##### Data under study #####

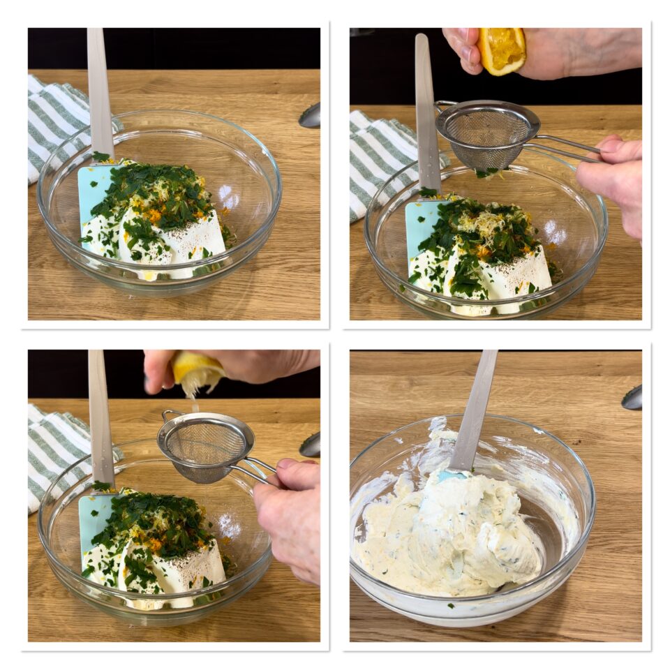 Raccogliete la robiola e il mascarpone in una ciotola, aggiungete sale, olio, prezzemolo, succo d’arancia, succo di limone e la scorza di entrambi grattugiata.
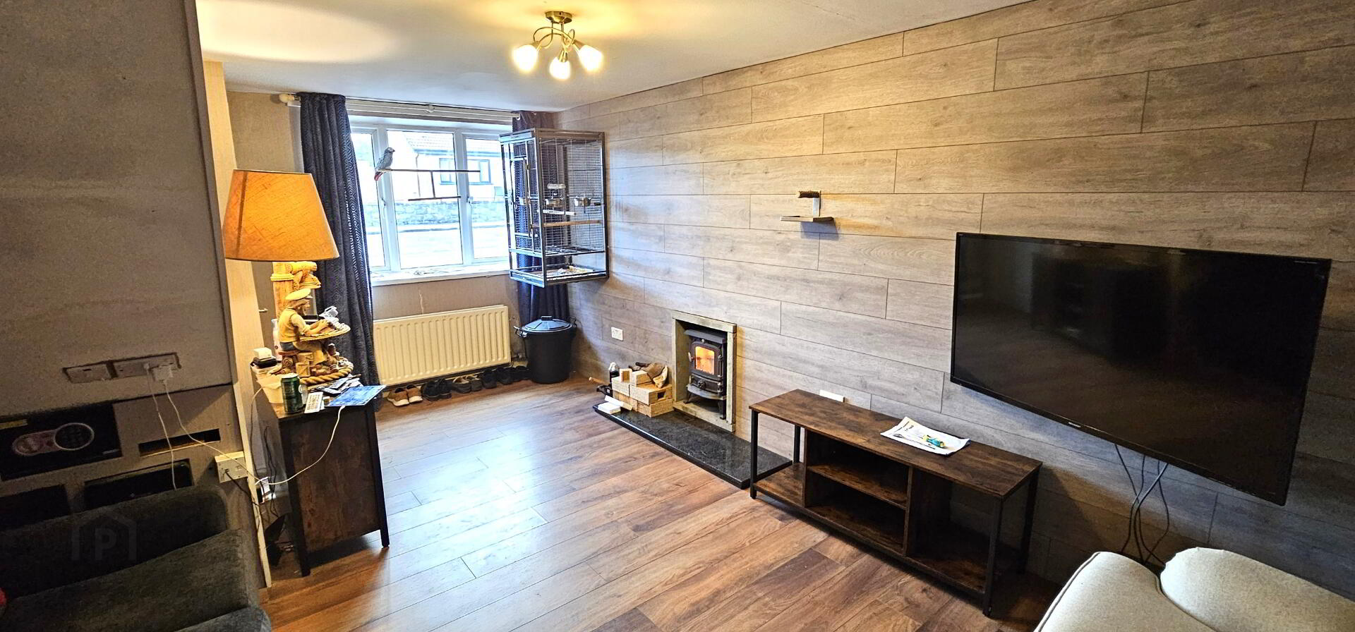 Lounge - 18'1" x 11'1" (5.52m x 3.37m). Attractive feature wood burning stove with decorative surround. Laminate wooden floor. Double radiator. Upvc double glazed window
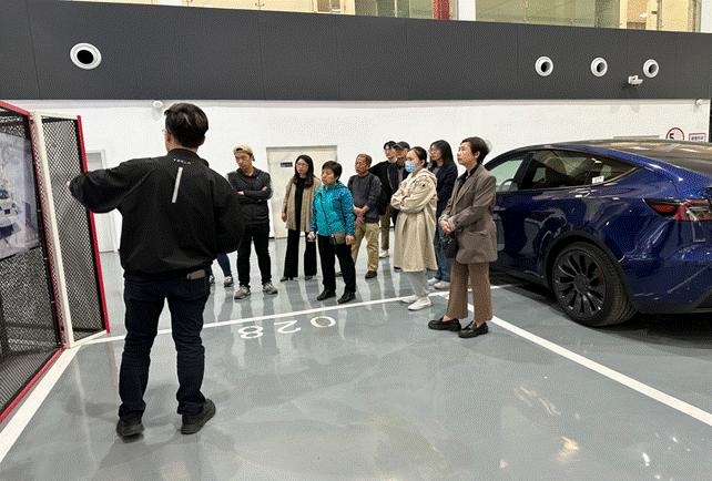 2024年4月19日下午,0638太阳集团官网宏结教授、金仁淑教授、梁涵主任、胡明教授、王玲教授、张婷婷副教授、张硕老师、王晓明老师和国际商务系研究生们一行前往位于北京的特斯拉GIGA博物馆参观和调研,此次参观活动旨在深化学生对于新能源汽车智能制造的认识,对新能源汽车的全球营销模式的了解。
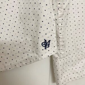 Timeless and versatile shirt! In great condition, no flaws. Great staple to have in your closet for layering. Fabric is quite light and crisp but not sheer at all. Cute fully button or with a few buttoned up for a little belly moment. Labeled size 40, but fits more like a women’s small/size 2. Cute and quirky mini square print, but still mostly white leaning.
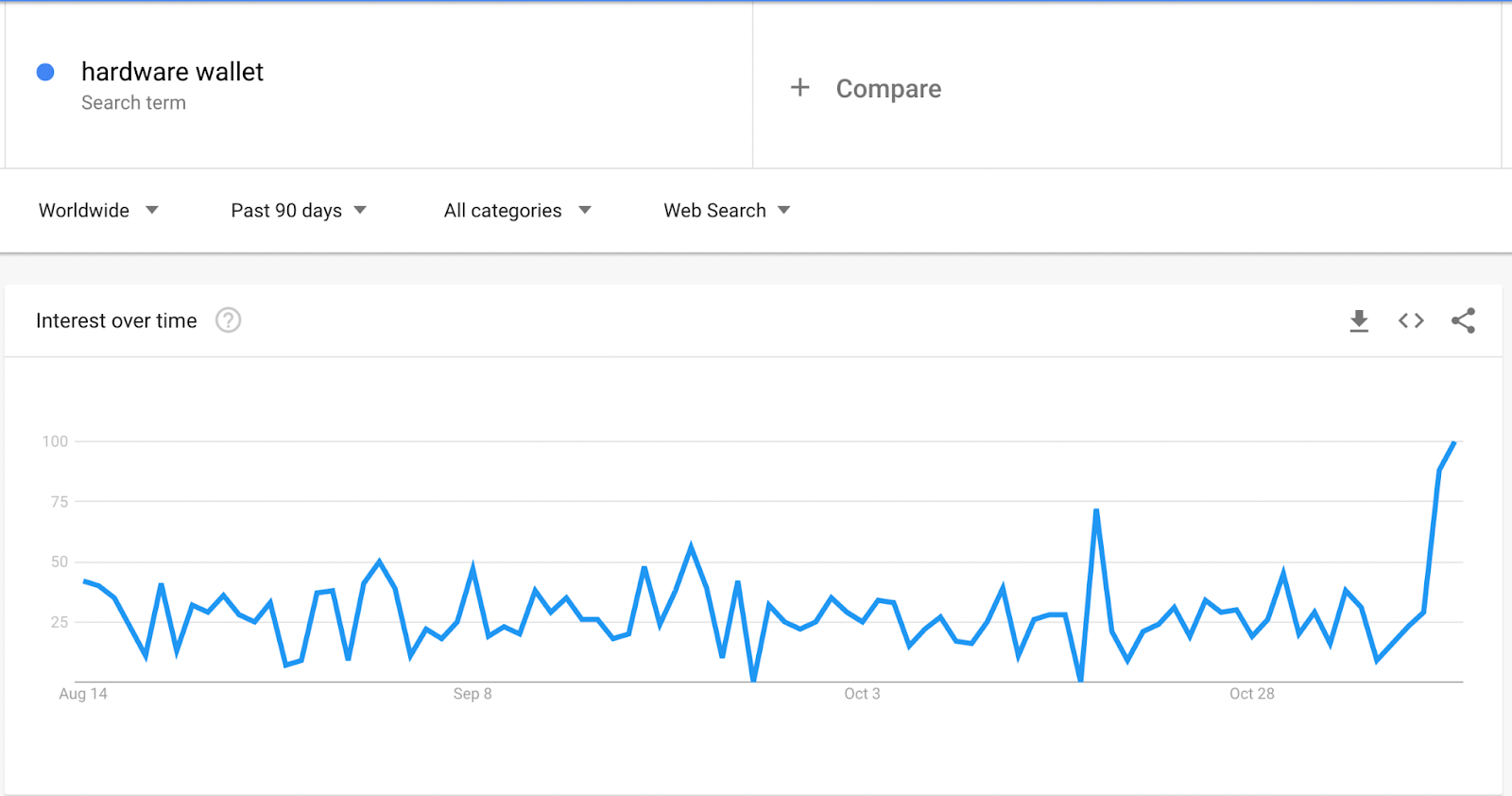 Theo đó, mọi người đang rút tiền điện tử của họ từ các sàn giao dịch tập trung về các ví tự lưu trữ như MetaMask hay Trust Wallet hoặc trên ví cứng của họ. Lượng tìm kiếm trên Google cho cụm từ hardware wallet đang ở mức cao nhất trong 90 ngày qua.
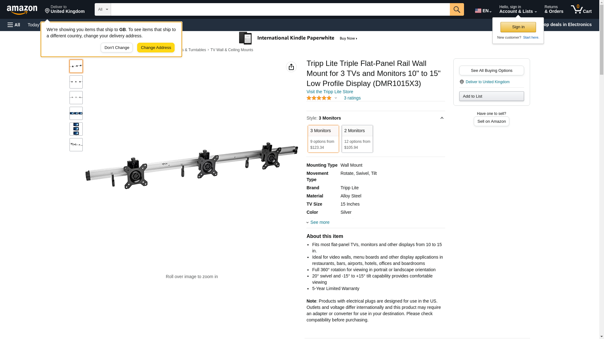 Tripp Lite Triple Flat-Panel Rail Wall Mount for 10? to 15? TVs and Monitors
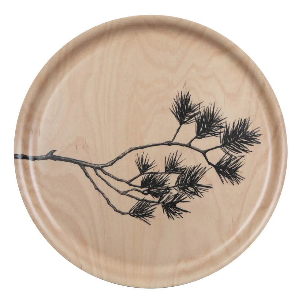 Tarjotin Havu, melamiinipintainen koivuvaneri, halk. 35 cm avainlippu ja Design from Finland merkki
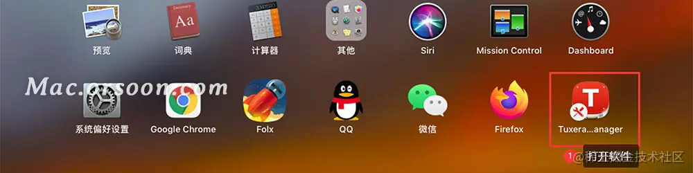 启动Mac后,打开Launchpad界面,直接单击Tuxera NTFS for Mac图标,便可进入Tuxera Disk Manager界面。
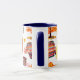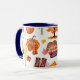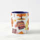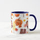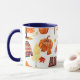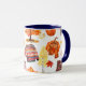 Fall/höst Mugg - färg är blått, orange, gult, brunt och vitt. Kopp är en fallsamling av svettare, lämna, pumpor, stövlar och träd.
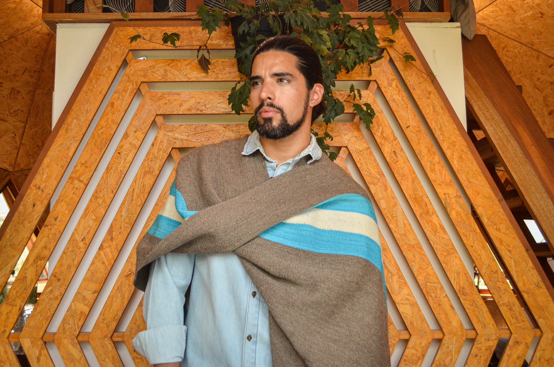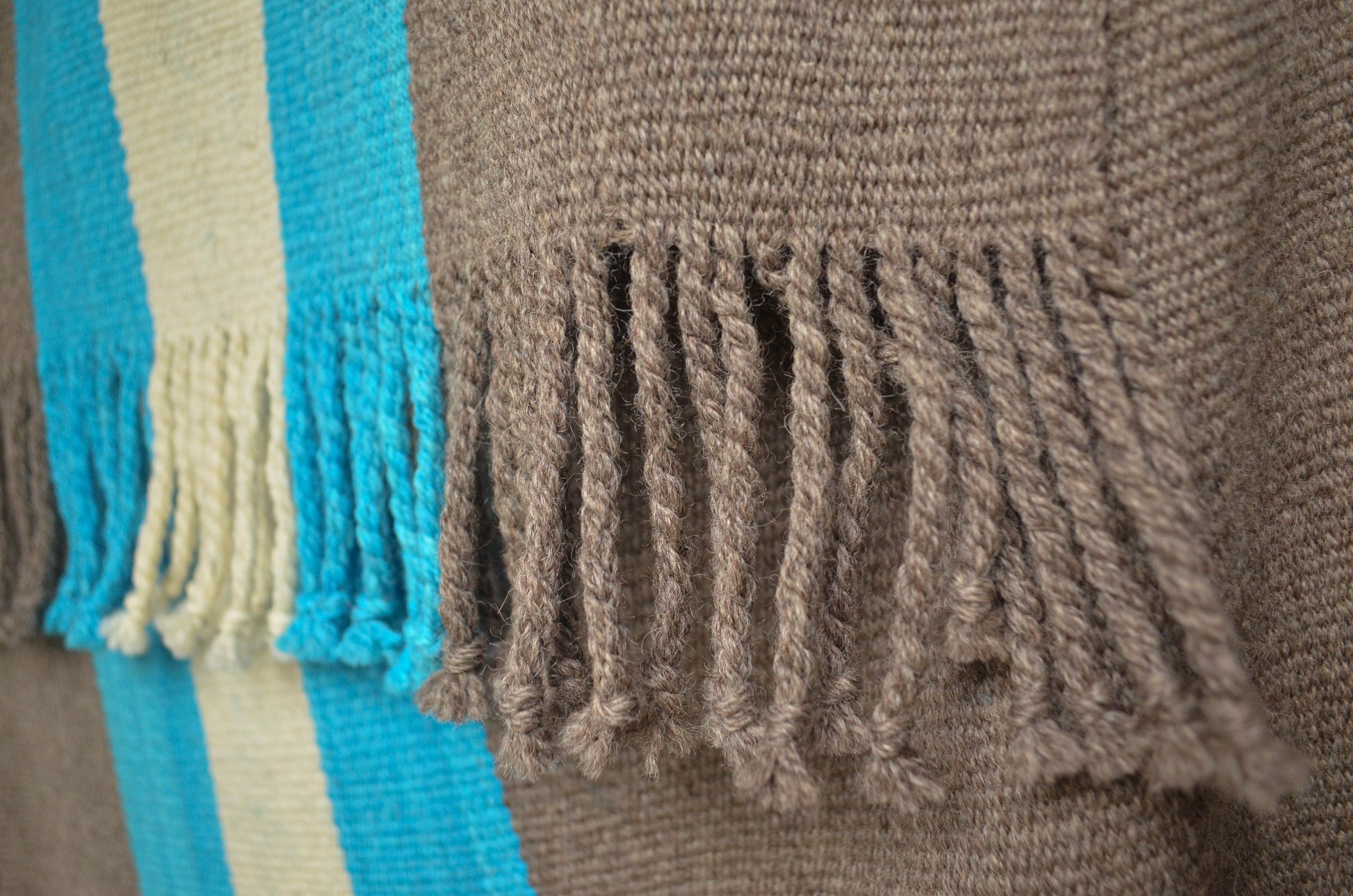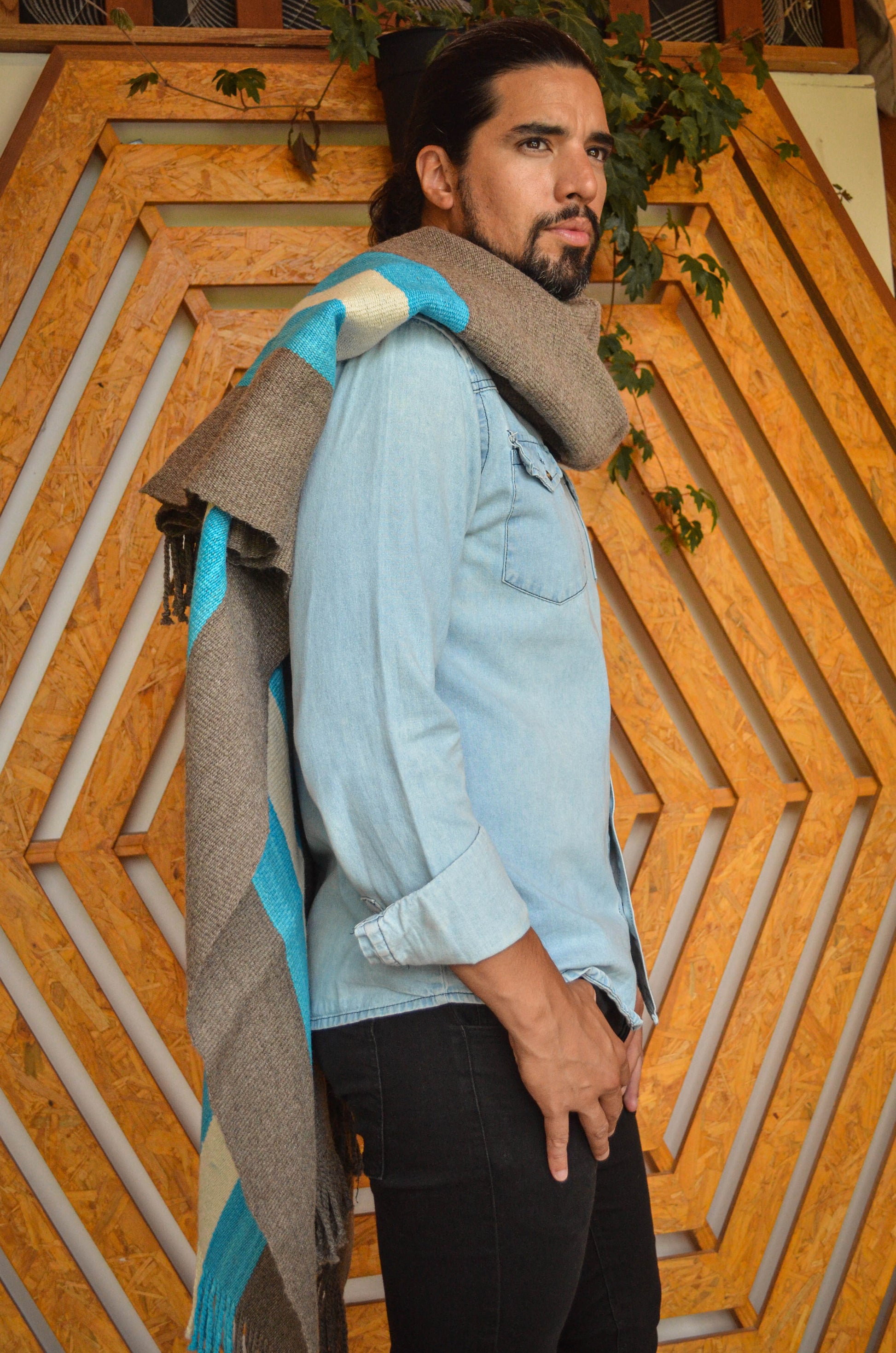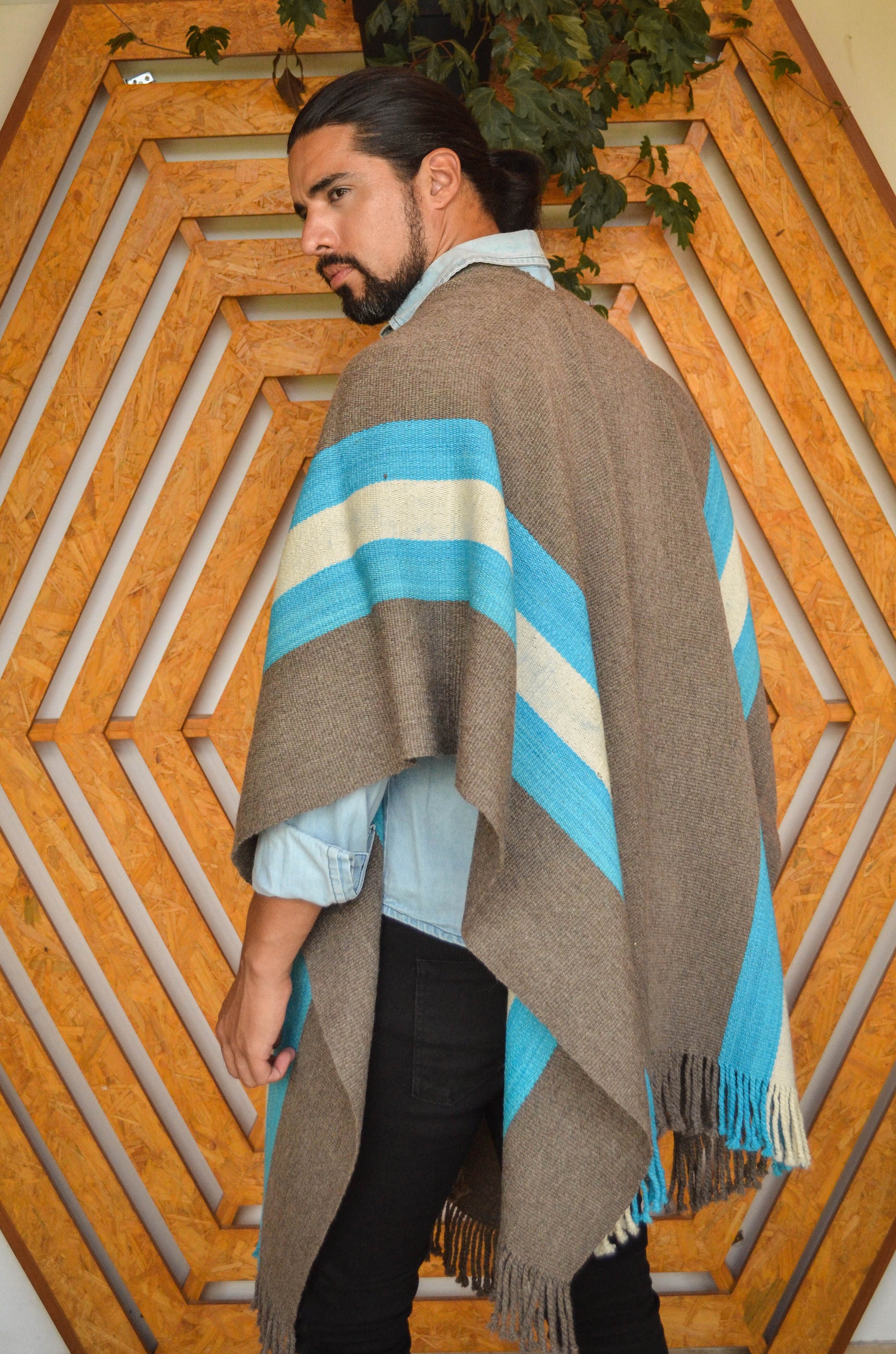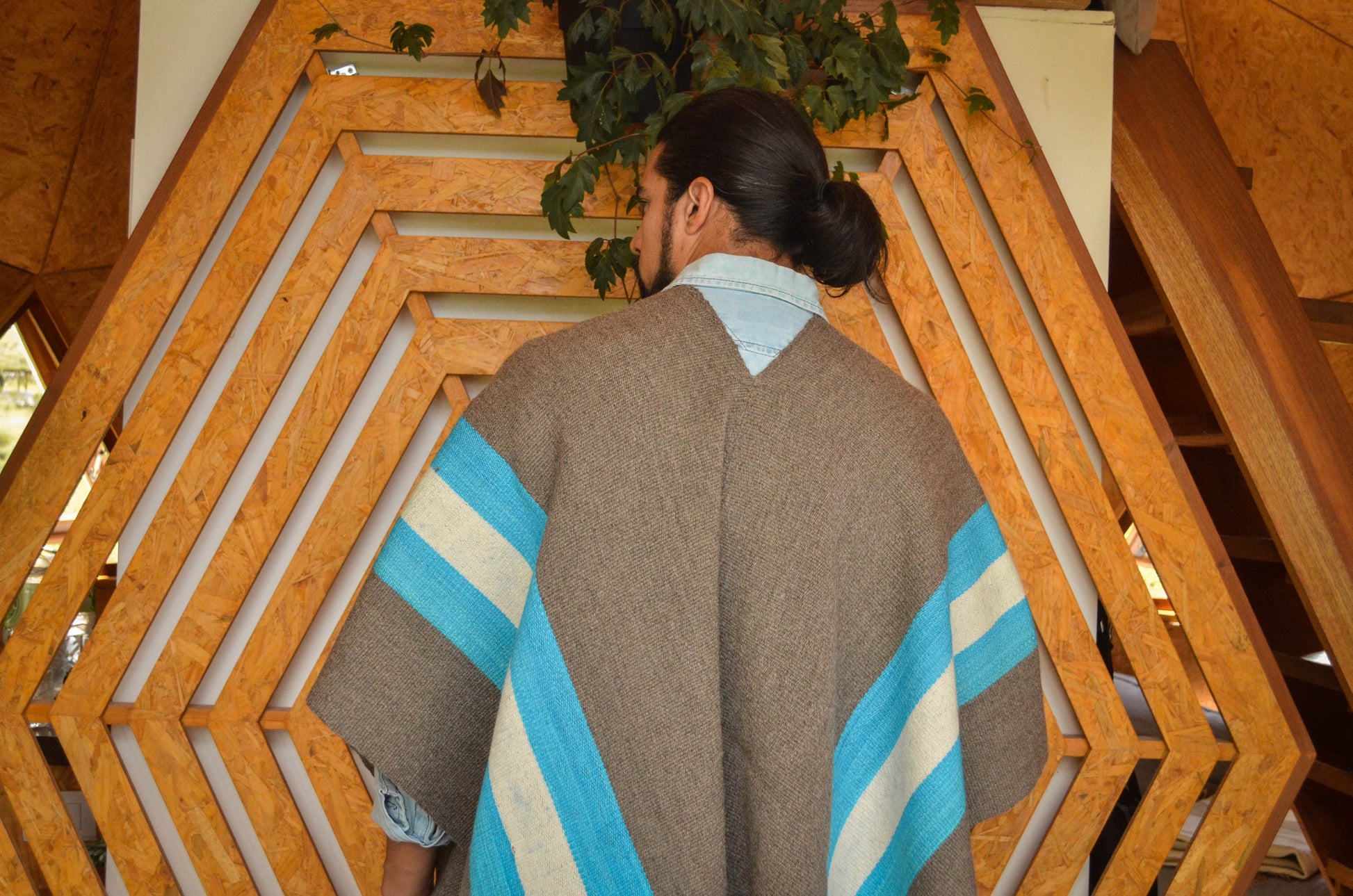 El poncho es una pieza única tejido artesanalmente en telar criollo, de alta densidad de trama cerrada y liviana en dos paños color Gris

#####

- Exercise details: Images stay out, but the rest of the records must be retyped exactly.

- Reply to the exercise:
 Raccogliete la robiola e il mascarpone in una ciotola, aggiungete sale, olio, prezzemolo, succo d’arancia, succo di limone e la scorza di entrambi grattugiata.
 Lounge - 18'1" x 11'1" (5.52m x 3.37m). Attractive feature wood burning stove with decorative surround. Laminate wooden floor. Double radiator. Upvc double glazed window
 2024年4月19日下午,0638太阳集团官网宏结教授、金仁淑教授、梁涵主任、胡明教授、王玲教授、张婷婷副教授、张硕老师、王晓明老师和国际商务系研究生们一行前往位于北京的特斯拉GIGA博物馆参观和调研,此次参观活动旨在深化学生对于新能源汽车智能制造的认识,对新能源汽车的全球营销模式的了解。
 Timeless and versatile shirt! In great condition, no flaws. Great staple to have in your closet for layering. Fabric is quite light and crisp but not sheer at all. Cute fully button or with a few buttoned up for a little belly moment. Labeled size 40, but fits more like a women’s small/size 2. Cute and quirky mini square print, but still mostly white leaning.
 Theo đó, mọi người đang rút tiền điện tử của họ từ các sàn giao dịch tập trung về các ví tự lưu trữ như MetaMask hay Trust Wallet hoặc trên ví cứng của họ. Lượng tìm kiếm trên Google cho cụm từ hardware wallet đang ở mức cao nhất trong 90 ngày qua.
 Tripp Lite Triple Flat-Panel Rail Wall Mount for 10? to 15? TVs and Monitors
 Tarjotin Havu, melamiinipintainen koivuvaneri, halk. 35 cm avainlippu ja Design from Finland merkki
 启动Mac后,打开Launchpad界面,直接单击Tuxera NTFS for Mac图标,便可进入Tuxera Disk Manager界面。
 Fall/höst Mugg - färg är blått, orange, gult, brunt och vitt. Kopp är en fallsamling av svettare, lämna, pumpor, stövlar och träd.
 El poncho es una pieza única tejido artesanalmente en telar criollo, de alta densidad de trama cerrada y liviana en dos paños color Gris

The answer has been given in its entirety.